Paul L. Howard, Jr., District Attorney, Bettieanne C. Hart, Deputy District Attorney, Thurbert E. Baker, Attorney General, Daniel G. Ashburn, Assistant Attorney General, for appellee.
HINES, Justice.
Sundiato Moody appeals his conviction for felony murder in connection with the fatal bludgeoning of William Peaks, also known as William Brown. Moody alleges violation of the right of cross-examination, instances of prosecutorial misconduct, and ineffective assistance of trial counsel. Finding the challenges to be without merit, we affirm.[1]
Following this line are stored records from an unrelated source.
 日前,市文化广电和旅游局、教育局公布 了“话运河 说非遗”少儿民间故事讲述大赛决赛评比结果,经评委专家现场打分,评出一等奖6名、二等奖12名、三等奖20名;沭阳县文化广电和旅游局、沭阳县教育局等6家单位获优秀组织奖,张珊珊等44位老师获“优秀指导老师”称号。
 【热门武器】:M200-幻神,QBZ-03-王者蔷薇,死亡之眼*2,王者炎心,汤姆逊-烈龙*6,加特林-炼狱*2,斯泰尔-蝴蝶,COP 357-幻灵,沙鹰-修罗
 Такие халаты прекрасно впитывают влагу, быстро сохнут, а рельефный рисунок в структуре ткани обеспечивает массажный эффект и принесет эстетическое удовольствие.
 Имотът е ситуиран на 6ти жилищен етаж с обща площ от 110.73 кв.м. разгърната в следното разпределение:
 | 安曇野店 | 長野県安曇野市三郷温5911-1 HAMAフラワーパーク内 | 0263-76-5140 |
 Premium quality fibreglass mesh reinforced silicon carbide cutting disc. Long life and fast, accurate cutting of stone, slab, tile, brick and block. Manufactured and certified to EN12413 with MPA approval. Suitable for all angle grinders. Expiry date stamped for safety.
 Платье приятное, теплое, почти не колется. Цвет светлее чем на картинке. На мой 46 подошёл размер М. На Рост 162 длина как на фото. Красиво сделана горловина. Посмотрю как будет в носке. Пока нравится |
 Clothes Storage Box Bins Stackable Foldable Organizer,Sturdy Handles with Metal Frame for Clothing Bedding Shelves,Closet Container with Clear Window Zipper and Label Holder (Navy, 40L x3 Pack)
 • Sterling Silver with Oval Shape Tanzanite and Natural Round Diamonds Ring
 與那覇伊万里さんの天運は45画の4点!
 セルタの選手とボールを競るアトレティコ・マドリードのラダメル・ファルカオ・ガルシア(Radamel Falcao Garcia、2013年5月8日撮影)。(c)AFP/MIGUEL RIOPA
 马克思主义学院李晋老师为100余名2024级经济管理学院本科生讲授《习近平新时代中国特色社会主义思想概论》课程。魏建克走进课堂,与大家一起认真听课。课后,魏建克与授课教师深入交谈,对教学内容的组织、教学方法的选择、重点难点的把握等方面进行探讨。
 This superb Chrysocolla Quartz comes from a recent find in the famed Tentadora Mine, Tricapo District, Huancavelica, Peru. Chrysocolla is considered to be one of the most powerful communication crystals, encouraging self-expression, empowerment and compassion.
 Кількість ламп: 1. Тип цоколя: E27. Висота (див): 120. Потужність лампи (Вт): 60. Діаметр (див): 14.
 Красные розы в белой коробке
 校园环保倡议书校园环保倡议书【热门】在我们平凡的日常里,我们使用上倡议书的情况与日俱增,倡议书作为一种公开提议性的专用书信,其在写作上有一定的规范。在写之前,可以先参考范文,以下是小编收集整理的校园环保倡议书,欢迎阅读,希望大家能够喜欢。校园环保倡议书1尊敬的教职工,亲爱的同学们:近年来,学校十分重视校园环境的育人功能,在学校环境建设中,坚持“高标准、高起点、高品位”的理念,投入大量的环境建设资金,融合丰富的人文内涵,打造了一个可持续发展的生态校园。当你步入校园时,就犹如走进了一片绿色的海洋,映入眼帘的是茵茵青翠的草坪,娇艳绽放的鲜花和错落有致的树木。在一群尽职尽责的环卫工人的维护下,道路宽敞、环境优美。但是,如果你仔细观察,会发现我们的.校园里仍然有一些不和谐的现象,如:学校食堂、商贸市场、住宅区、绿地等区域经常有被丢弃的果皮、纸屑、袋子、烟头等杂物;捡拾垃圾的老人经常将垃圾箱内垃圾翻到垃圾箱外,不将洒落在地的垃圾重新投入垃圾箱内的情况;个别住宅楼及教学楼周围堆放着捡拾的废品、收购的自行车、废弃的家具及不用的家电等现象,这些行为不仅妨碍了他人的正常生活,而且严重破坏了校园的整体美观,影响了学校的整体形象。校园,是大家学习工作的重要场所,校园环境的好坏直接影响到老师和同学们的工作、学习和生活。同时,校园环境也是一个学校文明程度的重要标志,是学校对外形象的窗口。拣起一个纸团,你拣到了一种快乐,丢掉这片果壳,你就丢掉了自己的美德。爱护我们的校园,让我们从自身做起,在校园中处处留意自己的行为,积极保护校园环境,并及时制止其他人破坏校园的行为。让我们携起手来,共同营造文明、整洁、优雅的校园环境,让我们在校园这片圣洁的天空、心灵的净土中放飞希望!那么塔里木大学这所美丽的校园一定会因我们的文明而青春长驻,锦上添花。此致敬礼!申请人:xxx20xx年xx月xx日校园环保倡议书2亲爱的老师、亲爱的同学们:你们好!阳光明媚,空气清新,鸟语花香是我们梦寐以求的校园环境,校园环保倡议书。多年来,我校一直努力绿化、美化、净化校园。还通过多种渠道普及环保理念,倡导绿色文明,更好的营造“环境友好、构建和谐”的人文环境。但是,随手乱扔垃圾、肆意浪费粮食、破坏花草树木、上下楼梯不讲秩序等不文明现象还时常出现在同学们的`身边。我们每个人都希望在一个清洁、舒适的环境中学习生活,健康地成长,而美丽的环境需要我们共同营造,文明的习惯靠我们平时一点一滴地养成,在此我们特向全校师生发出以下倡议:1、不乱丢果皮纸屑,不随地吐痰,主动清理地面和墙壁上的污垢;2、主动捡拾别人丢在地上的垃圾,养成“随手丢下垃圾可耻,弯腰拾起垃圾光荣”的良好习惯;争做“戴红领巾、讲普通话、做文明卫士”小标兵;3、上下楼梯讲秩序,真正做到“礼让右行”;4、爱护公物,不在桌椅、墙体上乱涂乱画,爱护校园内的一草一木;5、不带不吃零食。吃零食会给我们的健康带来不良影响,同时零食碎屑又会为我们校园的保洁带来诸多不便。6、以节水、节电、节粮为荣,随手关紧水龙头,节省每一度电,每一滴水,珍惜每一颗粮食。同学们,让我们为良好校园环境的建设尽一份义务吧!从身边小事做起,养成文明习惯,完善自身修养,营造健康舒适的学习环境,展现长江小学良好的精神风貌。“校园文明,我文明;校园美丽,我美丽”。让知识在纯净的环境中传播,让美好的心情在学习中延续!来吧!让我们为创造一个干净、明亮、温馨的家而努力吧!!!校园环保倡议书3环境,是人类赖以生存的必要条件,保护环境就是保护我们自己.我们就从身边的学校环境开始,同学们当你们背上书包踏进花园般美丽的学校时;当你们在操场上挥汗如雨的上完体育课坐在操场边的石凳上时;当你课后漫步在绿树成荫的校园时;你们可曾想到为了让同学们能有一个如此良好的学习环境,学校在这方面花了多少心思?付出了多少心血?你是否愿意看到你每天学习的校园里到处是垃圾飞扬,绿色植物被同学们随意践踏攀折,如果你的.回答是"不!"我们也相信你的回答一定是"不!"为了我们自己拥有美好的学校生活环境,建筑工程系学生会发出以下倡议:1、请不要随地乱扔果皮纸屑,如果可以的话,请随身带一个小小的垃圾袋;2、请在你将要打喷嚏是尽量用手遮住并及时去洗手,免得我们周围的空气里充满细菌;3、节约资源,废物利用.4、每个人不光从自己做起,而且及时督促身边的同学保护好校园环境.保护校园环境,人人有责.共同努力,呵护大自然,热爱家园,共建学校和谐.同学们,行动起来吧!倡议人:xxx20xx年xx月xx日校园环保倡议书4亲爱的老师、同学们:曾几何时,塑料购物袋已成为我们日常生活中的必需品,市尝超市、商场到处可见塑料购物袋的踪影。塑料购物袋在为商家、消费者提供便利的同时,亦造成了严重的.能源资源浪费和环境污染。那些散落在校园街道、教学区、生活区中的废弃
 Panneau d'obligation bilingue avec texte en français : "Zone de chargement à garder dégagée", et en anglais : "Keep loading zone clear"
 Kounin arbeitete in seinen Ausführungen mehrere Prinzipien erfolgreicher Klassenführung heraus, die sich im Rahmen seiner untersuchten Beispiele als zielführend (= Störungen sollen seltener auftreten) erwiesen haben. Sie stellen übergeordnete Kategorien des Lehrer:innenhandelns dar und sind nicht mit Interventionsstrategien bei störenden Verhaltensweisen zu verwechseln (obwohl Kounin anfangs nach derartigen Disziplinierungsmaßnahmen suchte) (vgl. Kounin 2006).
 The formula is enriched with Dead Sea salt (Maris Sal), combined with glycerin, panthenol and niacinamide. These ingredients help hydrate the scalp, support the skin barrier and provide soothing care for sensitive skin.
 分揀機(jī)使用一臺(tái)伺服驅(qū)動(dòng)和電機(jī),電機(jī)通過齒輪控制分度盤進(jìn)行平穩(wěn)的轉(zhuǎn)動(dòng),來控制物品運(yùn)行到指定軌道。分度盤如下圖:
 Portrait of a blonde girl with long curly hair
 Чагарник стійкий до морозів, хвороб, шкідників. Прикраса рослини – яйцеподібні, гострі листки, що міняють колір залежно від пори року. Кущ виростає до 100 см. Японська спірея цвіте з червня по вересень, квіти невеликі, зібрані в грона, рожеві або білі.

The State's eyewitness Anthony Gay failed to appear at trial. After continuing the trial in order to attempt to secure Gay's presence, and after hearing evidence from investigators, Gay's mother, and Gay's employer that Gay could not be located, the trial court found that Gay was unavailable and allowed the State to introduce his testimony from the preliminary hearing. See OCGA § 24-3-10.[2]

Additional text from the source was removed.